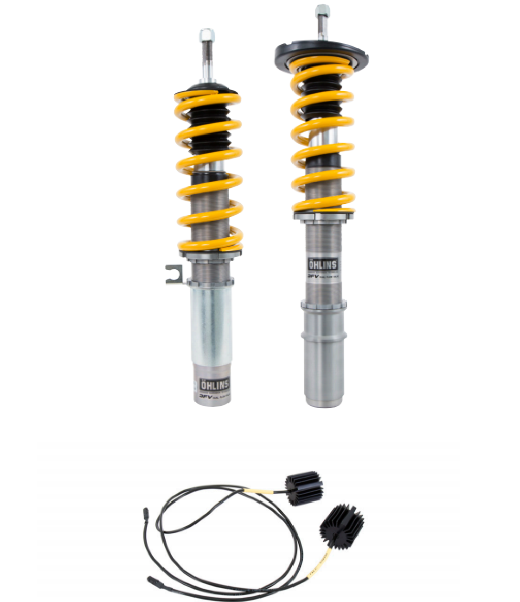 With Öhlins Road & Track coil overs you will experience a car with blistering response times / improved bump absorption and a massive amount of grip to increase the safety when driving your car on the limit. The car will be easier to balance on the edge of what the tires can handle before losing grip. You will be much quicker on track. The DFV suspension prevents you from losing the racing line when hitting bumps or curbs. The DFV components within react quickly and keeps you in control of the car and in contact with the track. When driving to and from the track / just set the dampers in road mode for a more relaxed and comfortable drive / still with more grip and quicker response time than ever before.
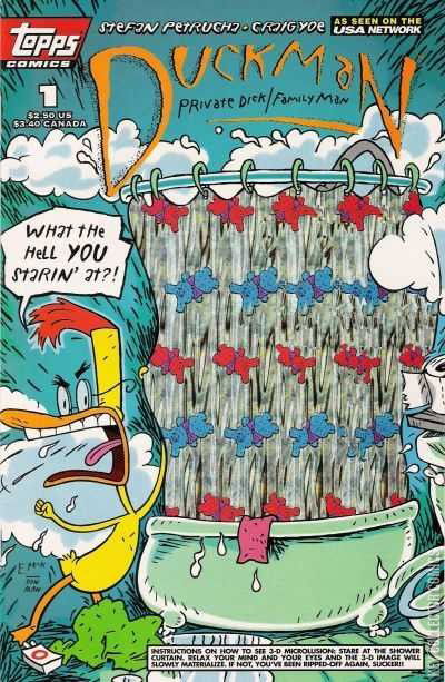 In this William S. Burroughs-like story, Duckman experiences a traumatic event that drives him temporarily insane. With the help of his family and his loyal partner, Cornfed Pig (not to mention his politically-correct stuffed animal secretaries, Fluffy and Uranus), Duckman is forced to remember the tragic events that drove him over the edge. What could have been so horrendous, so deplorable?! When you learn the chilling truth, you might just wish you hadn't! This debut issue features an extra-special cover enhancement: a special 3-D illusion cover created in the style of the hit Magic Eye books and Holusion posters. No glasses needed! Plus: a centerfold Duckman poster by creator Everett Peck.
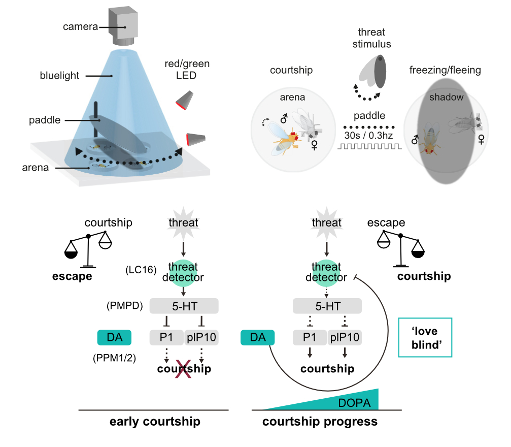 - Neurochemical Mechanisms: The role of serotonin (5-HT) and dopamine was central to the project. Serotonin was shown to inhibit courtship when a threat was present by acting through 5-HT receptors in specific courtship neurons, including the P1 cluster and plP10 neurons. Dopamine, on the other hand, was found to influence how flies prioritize reproduction as they progress through courtship.
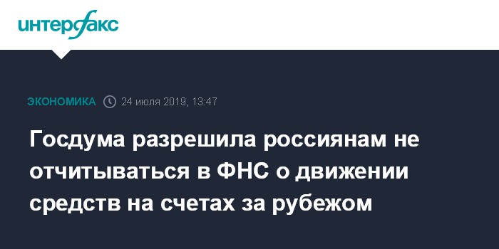 Москва. 24 июля. INTERFAX.RU - Госдума приняла в третьем, окончательном чтении закон, который наделяет граждан РФ правом не представлять в налоговые органы отчет о движении средств по зарубежным вкладам.
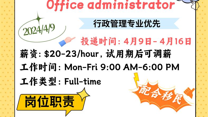 【168新岗】士嘉堡车行招聘Office administrator 1名 (可移民)
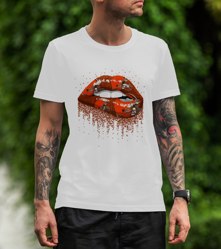 Cleveland Browns Helmet Sparkle Lips T-Shirt
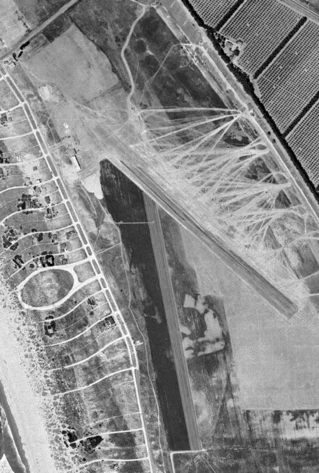 The 1994 USGS aerial photo of the site showed that it had been densely redeveloped with housing, and not a trace remained of the former airport.
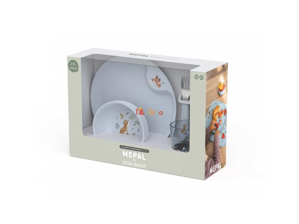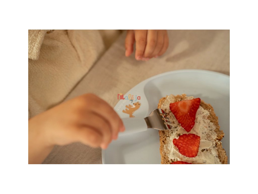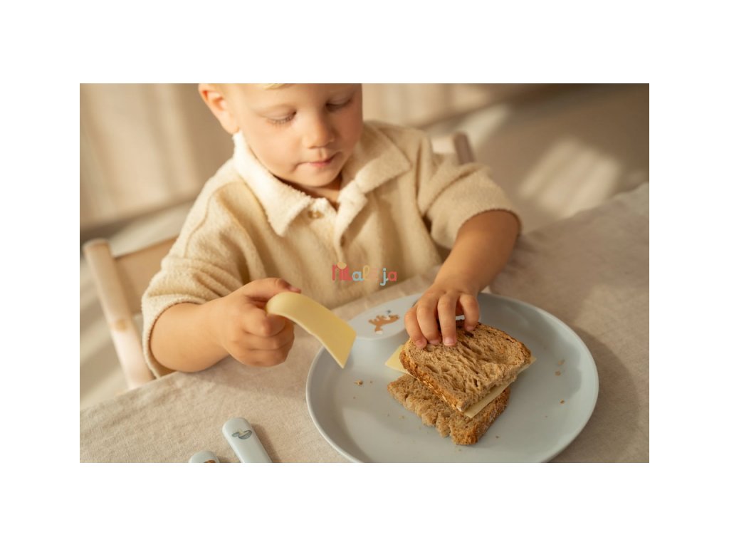 Detský tanier je vhodný na samostatné stolovanie dieťaťa, vďaka praktickému úchytu sa ľahko prenáša. Miska je ideálna na servírovanie detským zeleninových či ovocných príkrmov, polievok, kaší, ovocia a pod. Tanier aj miska sú vyrobené z ľahkého, mimoriadne odolného plastu. Téglik z priehľadného, odolného plastu je ideálny pre deti, ktoré sa učia piť z pohára. Príbor z kvalitnej nerezovej ocele s plastovou rukoväťou pre ľahké držanie uľahčí dieťaťu prechod z kŕmenia lyžičkou na stolovanie s príborom.
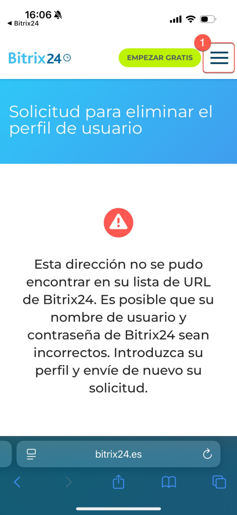 Si es necesario, borra el historial de tu navegador durante el período en el que iniciaste sesión en Bitrix24. Vuelve a ingresar los detalles correctos de la cuenta que deseas eliminar.
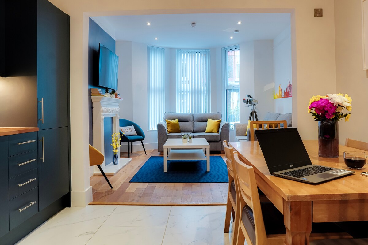 A stylish, luxurious, large period property that has been refurbished to the highest standards for comfort and safety. Primely located for the Port of Liverpool, Bramley Moore & Anfield Stadia, Aintree racecourse and 4 miles from Liverpool City Centre, why pay more for a cramped Hotel. Perfect for work, play, or short-term letting with space in abundance. Sit back, relax with your group whilst still having the benefit of large private rooms with all amenities. We've really the best of it all.
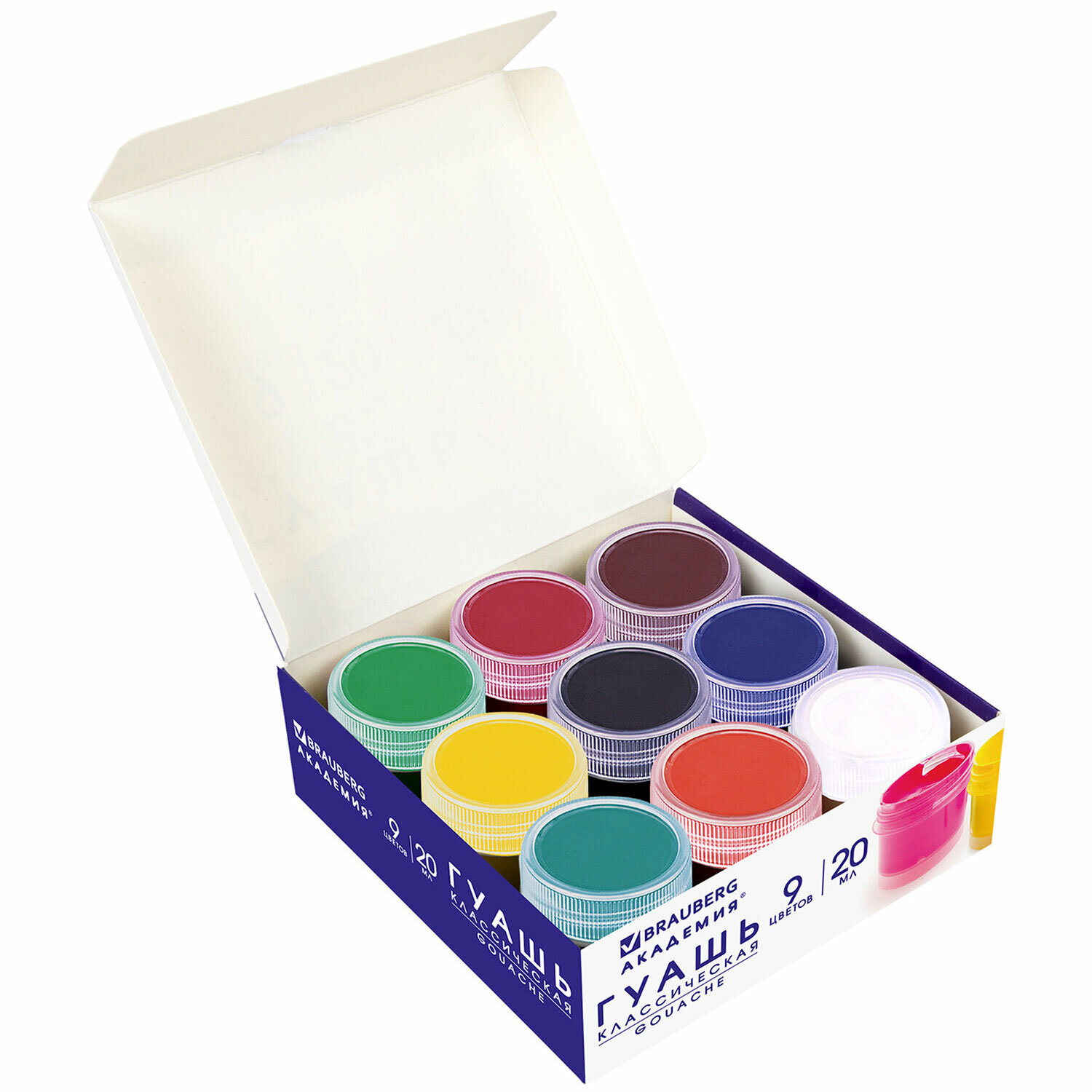 - Гуашь BRAUBERG "АКАДЕМИЯ КЛАССИЧЕСКАЯ ЭКСТРА", 9 цветов по 20 мл, 192372
::::::::
### [The task]
Leave out the pictures and output the rest of the material exactly as written.

### [Answer]
 With Öhlins Road & Track coil overs you will experience a car with blistering response times / improved bump absorption and a massive amount of grip to increase the safety when driving your car on the limit. The car will be easier to balance on the edge of what the tires can handle before losing grip. You will be much quicker on track. The DFV suspension prevents you from losing the racing line when hitting bumps or curbs. The DFV components within react quickly and keeps you in control of the car and in contact with the track. When driving to and from the track / just set the dampers in road mode for a more relaxed and comfortable drive / still with more grip and quicker response time than ever before.
 In this William S. Burroughs-like story, Duckman experiences a traumatic event that drives him temporarily insane. With the help of his family and his loyal partner, Cornfed Pig (not to mention his politically-correct stuffed animal secretaries, Fluffy and Uranus), Duckman is forced to remember the tragic events that drove him over the edge. What could have been so horrendous, so deplorable?! When you learn the chilling truth, you might just wish you hadn't! This debut issue features an extra-special cover enhancement: a special 3-D illusion cover created in the style of the hit Magic Eye books and Holusion posters. No glasses needed! Plus: a centerfold Duckman poster by creator Everett Peck.
 - Neurochemical Mechanisms: The role of serotonin (5-HT) and dopamine was central to the project. Serotonin was shown to inhibit courtship when a threat was present by acting through 5-HT receptors in specific courtship neurons, including the P1 cluster and plP10 neurons. Dopamine, on the other hand, was found to influence how flies prioritize reproduction as they progress through courtship.
 Москва. 24 июля. INTERFAX.RU - Госдума приняла в третьем, окончательном чтении закон, который наделяет граждан РФ правом не представлять в налоговые органы отчет о движении средств по зарубежным вкладам.
 【168新岗】士嘉堡车行招聘Office administrator 1名 (可移民)
 Cleveland Browns Helmet Sparkle Lips T-Shirt
 The 1994 USGS aerial photo of the site showed that it had been densely redeveloped with housing, and not a trace remained of the former airport.
 Detský tanier je vhodný na samostatné stolovanie dieťaťa, vďaka praktickému úchytu sa ľahko prenáša. Miska je ideálna na servírovanie detským zeleninových či ovocných príkrmov, polievok, kaší, ovocia a pod. Tanier aj miska sú vyrobené z ľahkého, mimoriadne odolného plastu. Téglik z priehľadného, odolného plastu je ideálny pre deti, ktoré sa učia piť z pohára. Príbor z kvalitnej nerezovej ocele s plastovou rukoväťou pre ľahké držanie uľahčí dieťaťu prechod z kŕmenia lyžičkou na stolovanie s príborom.
 Si es necesario, borra el historial de tu navegador durante el período en el que iniciaste sesión en Bitrix24. Vuelve a ingresar los detalles correctos de la cuenta que deseas eliminar.
 A stylish, luxurious, large period property that has been refurbished to the highest standards for comfort and safety. Primely located for the Port of Liverpool, Bramley Moore & Anfield Stadia, Aintree racecourse and 4 miles from Liverpool City Centre, why pay more for a cramped Hotel. Perfect for work, play, or short-term letting with space in abundance. Sit back, relax with your group whilst still having the benefit of large private rooms with all amenities. We've really the best of it all.
 - Гуашь BRAUBERG "АКАДЕМИЯ КЛАССИЧЕСКАЯ ЭКСТРА", 9 цветов по 20 мл, 192372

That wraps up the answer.